As it stands, the running mate pick is perhaps one of the most important decisions a candidate makes. I tend to be rather superficial in figuring on my favorites. If the candidates don’t look nice together, or if they don’t exude some kind of chemistry, they aren’t going to win voters over. I think in this regard, the Obama-Biden match was sublime. Hillary Clinton’s choice in 2016? Not so much.

You don’t even remember that person’s name, do you?


John Kerry picked John Edwards, and they looked like they belonged on a wedding cake your local true believer bakery would refuse to bake. And let’s not even start talking about a certain former governor of Alaska.

But this morning I thought of another factor that’s going to make Biden’s pick particularly important: She is likely to be the person who heads up Biden’s coronavirus efforts.
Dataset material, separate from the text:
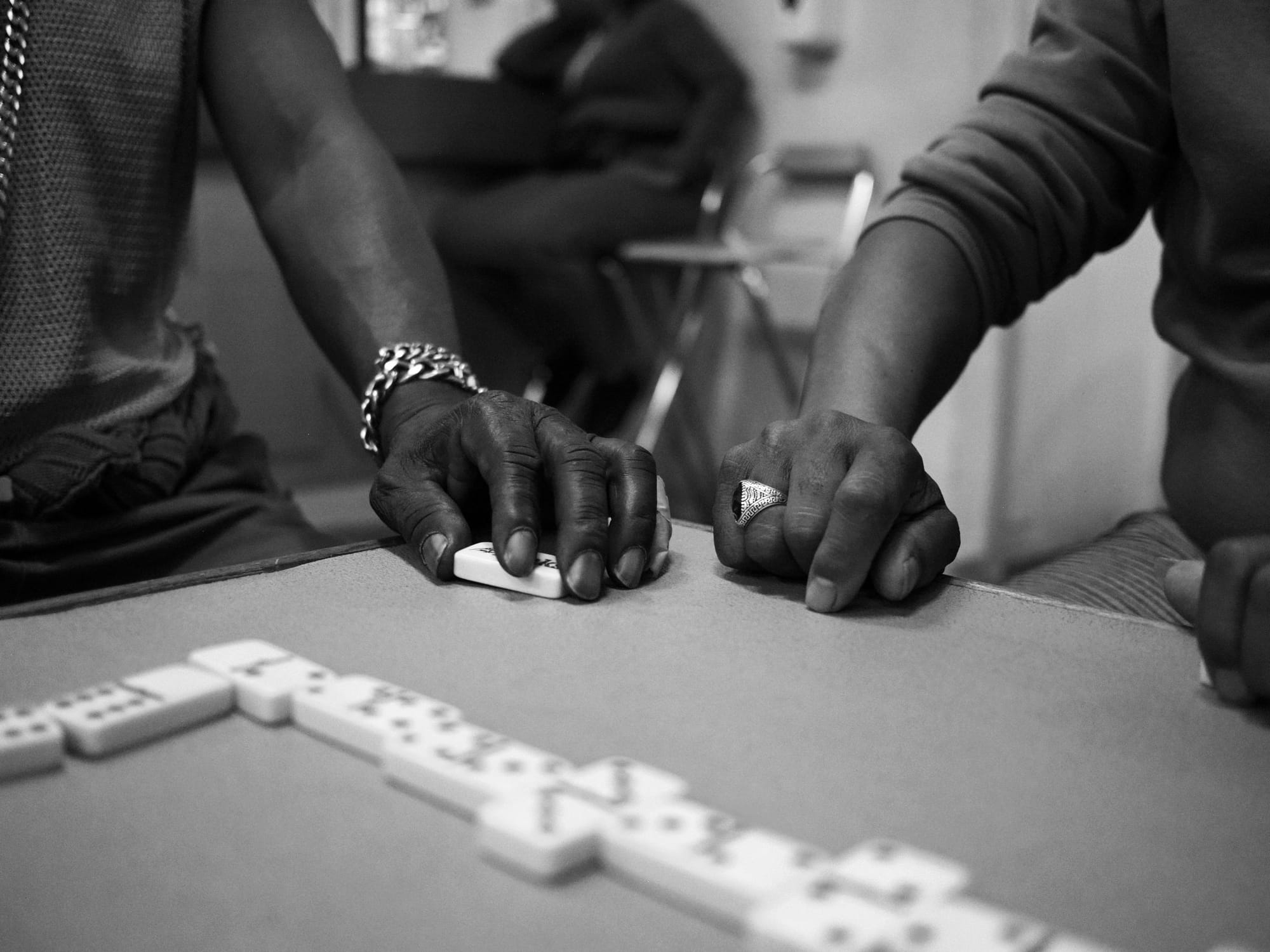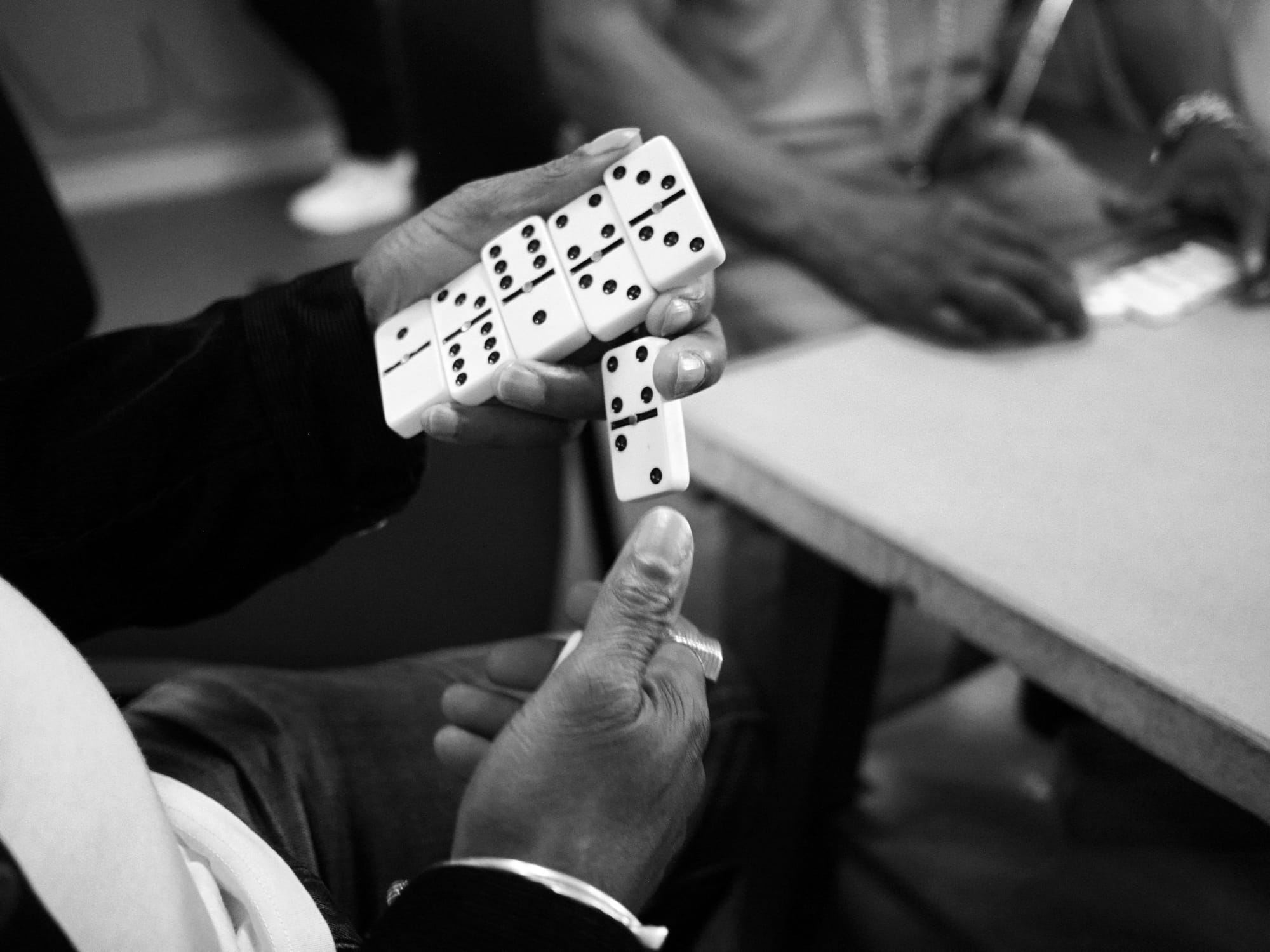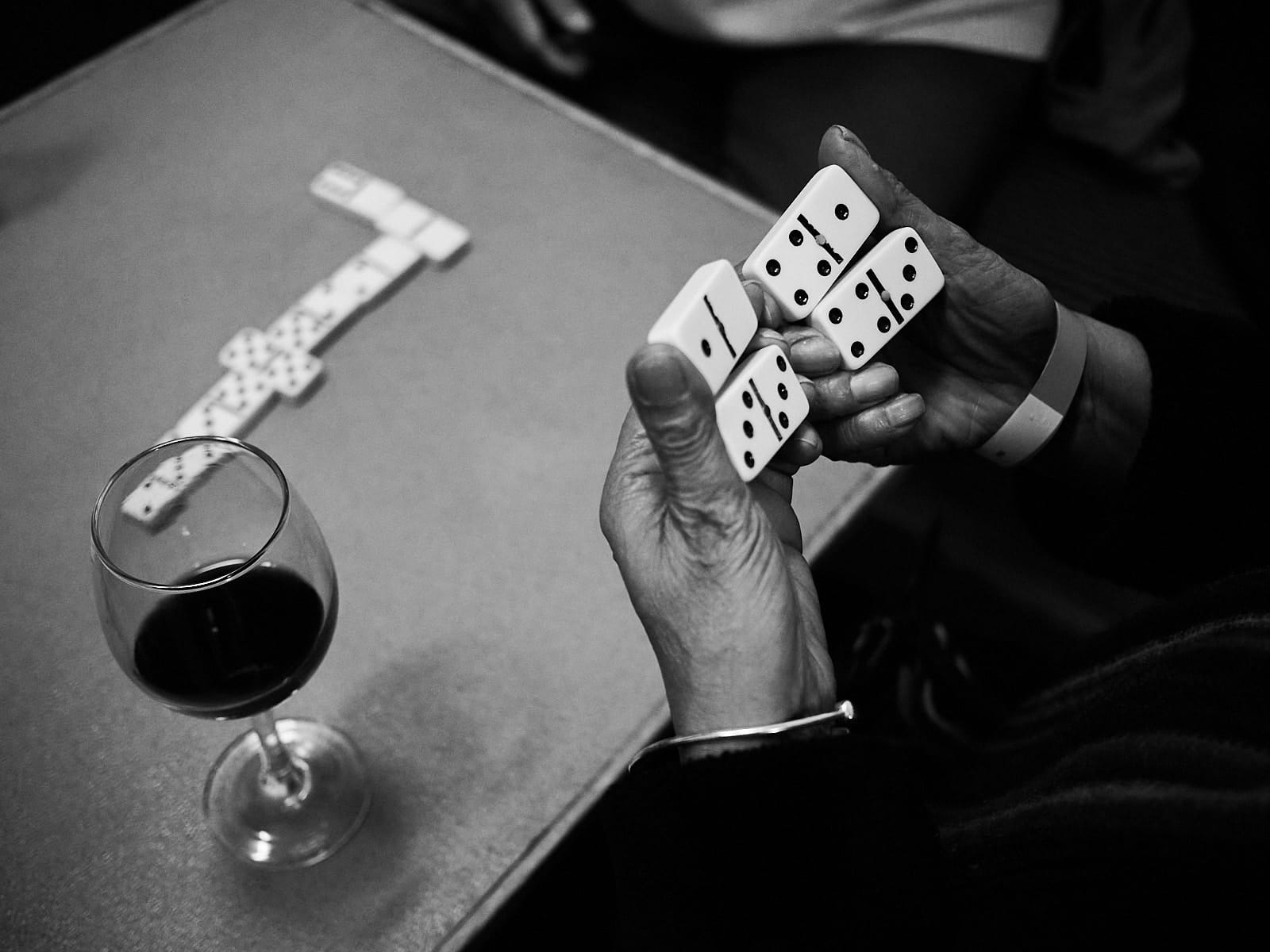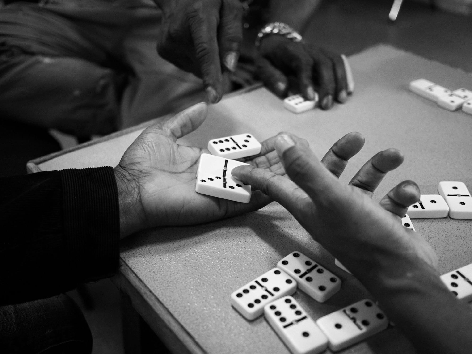 Hands arrive before words do. Fingers, worn and knowing, dip into the pile as though searching for something older than the game itself. The dominoes speak first, a low, restless music. Bone against bone. A dry, deliberate clatter that fills the room the way memory does, without asking permission. It is not noise. It is announcement.

As feckless as it is, Trump’s coronavirus team is already structured via the Eisenhower. Chains of communication, data, work already completed, phone trees, email chains, all the little crap that makes things go in Washington, they are already going through the Vice-President. If I were the new Preznit, and I knew that I had to hit the ground running on this issue, I would turn to my Vice-Preznit and say “congratulations, you’re our new Sars Czar.”

Sars Czar, you like that? I just made it up. Nobody has ever heard of that before.

So when you’re mulling your own favorites, mark my word on this one: Factor in that Biden’s Vice President is likely to be the person in charge of the new federal efforts on the pandemic. Who do you want in that role? That’s your gal.

Mask Mask Mask Mask

On April 15, 2020, New York Governor Mario Cuomo announced during his daily coronavirus briefings that New Yorkers would be required to wear masks when “social distancing” would not be possible.

I don’t think it’s a coincidence that immediately following this announcement, the infection rates in the state drove downward quite noticeably.

You can see it for yourself. I screen-captured this graphic from the New York Times (from a running article updated as of today).

Now this is no sociological study. It’s a news graphic. I know. But what, that’s mere coincidence? I don’t think so.